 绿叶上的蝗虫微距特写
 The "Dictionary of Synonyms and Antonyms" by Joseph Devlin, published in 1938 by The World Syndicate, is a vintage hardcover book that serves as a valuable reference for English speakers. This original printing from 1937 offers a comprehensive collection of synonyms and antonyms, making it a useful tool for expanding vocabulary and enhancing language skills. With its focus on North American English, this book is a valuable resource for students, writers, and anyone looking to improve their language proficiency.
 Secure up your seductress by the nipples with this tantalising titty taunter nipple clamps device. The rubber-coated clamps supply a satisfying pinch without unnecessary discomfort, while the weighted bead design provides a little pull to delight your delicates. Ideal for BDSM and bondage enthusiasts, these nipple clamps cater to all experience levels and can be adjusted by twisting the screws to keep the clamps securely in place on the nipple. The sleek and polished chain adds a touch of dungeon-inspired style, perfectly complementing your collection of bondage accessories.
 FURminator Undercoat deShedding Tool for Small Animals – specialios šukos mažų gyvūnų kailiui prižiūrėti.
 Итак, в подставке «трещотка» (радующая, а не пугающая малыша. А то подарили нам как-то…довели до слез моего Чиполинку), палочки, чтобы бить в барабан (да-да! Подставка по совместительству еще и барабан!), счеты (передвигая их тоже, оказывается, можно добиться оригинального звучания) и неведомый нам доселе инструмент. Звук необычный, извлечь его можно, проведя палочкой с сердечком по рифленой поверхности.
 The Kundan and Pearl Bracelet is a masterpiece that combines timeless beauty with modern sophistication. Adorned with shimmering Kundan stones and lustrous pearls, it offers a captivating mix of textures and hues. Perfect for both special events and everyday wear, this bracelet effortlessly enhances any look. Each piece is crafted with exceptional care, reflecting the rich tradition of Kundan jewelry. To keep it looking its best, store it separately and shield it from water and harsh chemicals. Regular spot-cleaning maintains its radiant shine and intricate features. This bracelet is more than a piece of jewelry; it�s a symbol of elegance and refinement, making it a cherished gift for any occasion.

★ ★ ★ ★

▶ [Action item] From the records above, print only the lines between the one holding "FURminator Undercoat deShedding" and the one holding "Итак, в подставке", inclusive, exactly as they stand.

▶ [Response area]
 FURminator Undercoat deShedding Tool for Small Animals – specialios šukos mažų gyvūnų kailiui prižiūrėti.
 Итак, в подставке «трещотка» (радующая, а не пугающая малыша. А то подарили нам как-то…довели до слез моего Чиполинку), палочки, чтобы бить в барабан (да-да! Подставка по совместительству еще и барабан!), счеты (передвигая их тоже, оказывается, можно добиться оригинального звучания) и неведомый нам доселе инструмент. Звук необычный, извлечь его можно, проведя палочкой с сердечком по рифленой поверхности.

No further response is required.